A football team has a 79% chance of winning when it starts the 4th quarter with a 3-point lead.  So says the redoubtable Nate Silver, and I have no reason to question the accuracy of that claim.  However, the continuation:  Obama has a 79% chance of winning, in Silver's model, so it's like Obama is a field goal ahead at the start of the 4th quarter - is wrong..

The crucial difference between the two situations is that at any given moment, we know the score of a football game.  Zut Alors!  football scores are not subject to he Heisenberg uncertainty principle. We can know the score, and know how much time is left in the game!  There's no margin of error, no press conference at the end of the game:  "well, I thought we were three points ahead, but it turns out we were one point behind."

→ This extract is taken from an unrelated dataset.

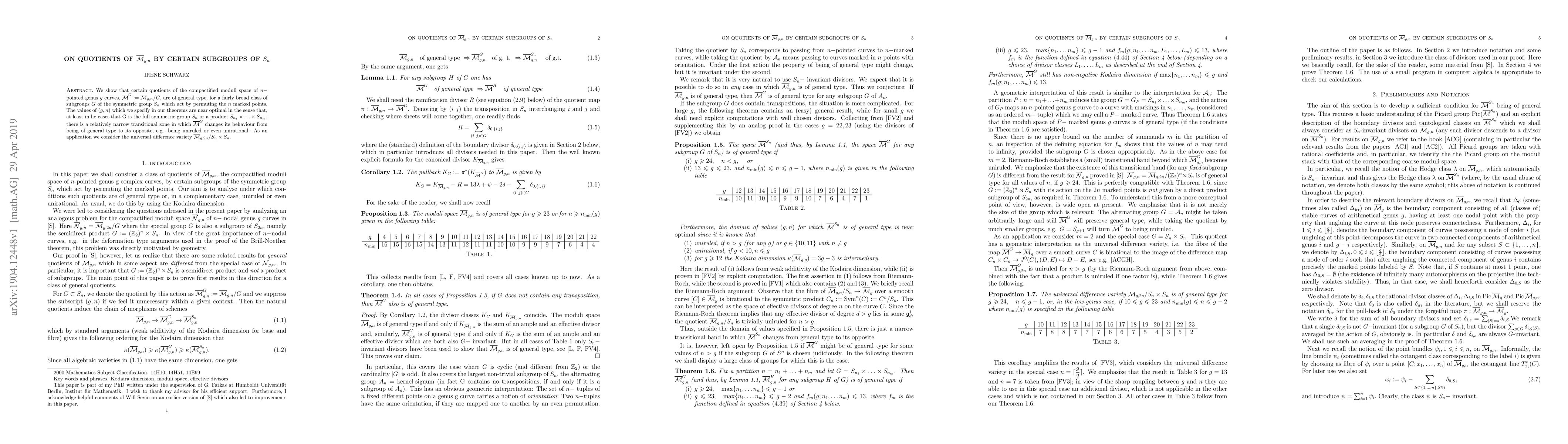We show that certain quotients of the compactified moduli space of $n-$ pointed genus $g$ curves, $\overline{\mathcal{M}}^G:= \overline{\mathcal{M}}_{g,n} / G$, are of general type, for a fairly broad class of subgroups $G$ of the symmetric group $S_n$ which act by permuting the $n$ marked points. The values of $(g,n)$ which we specify in our theorems are near optimal in the sense that, at least in he cases that G is the full symmetric group $S_n$ or a product $S_{n_1}\times \ldots \times S_{n_m}$, there is a relatively narrow transitional zone in which $\overline{\mathcal{M}}^G$ changes its behaviour from being of general type to its opposite, e.g. being uniruled or even unirational. As an application we consider the universal difference variety $\overline{\mathcal{M}}_{g,2n} /S_n \times S_n$.

Election polls, like modern physics, are creatures of statistical methods, and thus have some uncertainty.  Why are Barack Obama's chances of winning only 80%?  It's not because Mitt Romney has a 20% chance of marching the team down the field for the winning touchdown as time is running out.  It's because the imprecision of polling is such that he might actually be ahead - that's what the 20% represents.  

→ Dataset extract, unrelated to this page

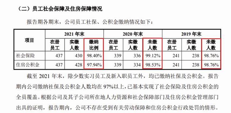 翻閱招股書可以發現,文中存在不止一處的低級錯誤,一是將員工社保住房公積金繳納比例寫成未繳人數。悅普集團招股書中披露“員工社會保障及住房保障情況”時,圖表方式介紹2019-2021年底社保、住房公積金繳納情況中,2020年末、2019年末均將繳納比例寫成未繳人數(見圖一)。

If we use the football analogy, Mitt Romney is only one great play from seizing the lead.  Football games are often won on the last play; sometimes controversial (the Seattle Seahawks' victory over the Green Bay Packers this year), sometimes comically (the Cal band play; sometimes bizarrely (the fumble recovery by Herm Edwards for the Eagles against the Giants, for which Joe Pisarcik gets unfairly blamed.  Mr Pisarcik is still in the New Jersey area, so if you ever read this sir, we hope that you have survived Sandy without too much damage).  It's where the analogy fails though.  There isn't a miracle ad that will flip a million votes at the last second to any candidate.  Yes, a small number of voters might change their mind before Tuesday.  And yes, in down ballot races where voters are less familiar with the candidates, it may be possible to mount a come from behind win.  But our uncertainty as to who will win the presidential races is not because of the possibility of a dramatic comeback but because in 2012, we have a much greater uncertainty as to who is ahead.

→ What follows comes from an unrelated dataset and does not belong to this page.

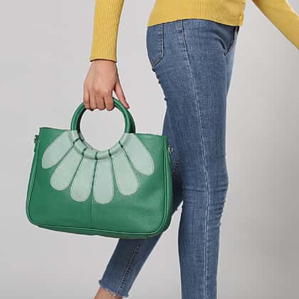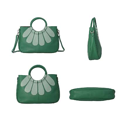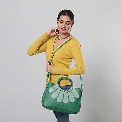 100% Genuine Leather Satchel Bag with Detachable Shoulder Strap (Size 35x24x9 Cm) - Dark Green

To really strain the football analogy:

It's not likely that Mitt Romney is down by a six points, deep in his own territory, with time left for one play,  
 and the chance to win with a touchdown.  The difference with four years ago, is that in that game, you left early to beat the traffic.  You got home in time to see McCain score a late touchdown, but you knew it didn't matter even though you didn't know the exact score because McCain was 24 points behind when you left.

This year though, you left the stadium because your kid was sick, and the last touchdown might matter.  You aren't sure:  Maybe Mitt was down six points when he scored.  Maybe he was down ten.  Of course, in modern sports production, the score is always on the screen, so you always know.

We are overjoyed when our team wins due to an incredible play at the end of the game.  People remember the  touchdown on the last play by Seattle as the "game-winner", and have already forgotten the equally necessary earlier touchdown.  We like drama, and we create it when we can.  Thus the analogy that starts this post:  Mitt is close enough to make a dramatic comeback and win.  No, he's not.  There is some possibility he is ahead right now even though the polls don't show it, due to the possibility of pollster error and the imprecision of polling,  Of course, that is the problem of modeling a presidential election, or any single event.  Obama will not win 80% of the time; Romney will not win 20% of the time.  One of those two men will once, that is to say, 100% of the time.  You can't land on a fraction, as Dennis Hopper tells us.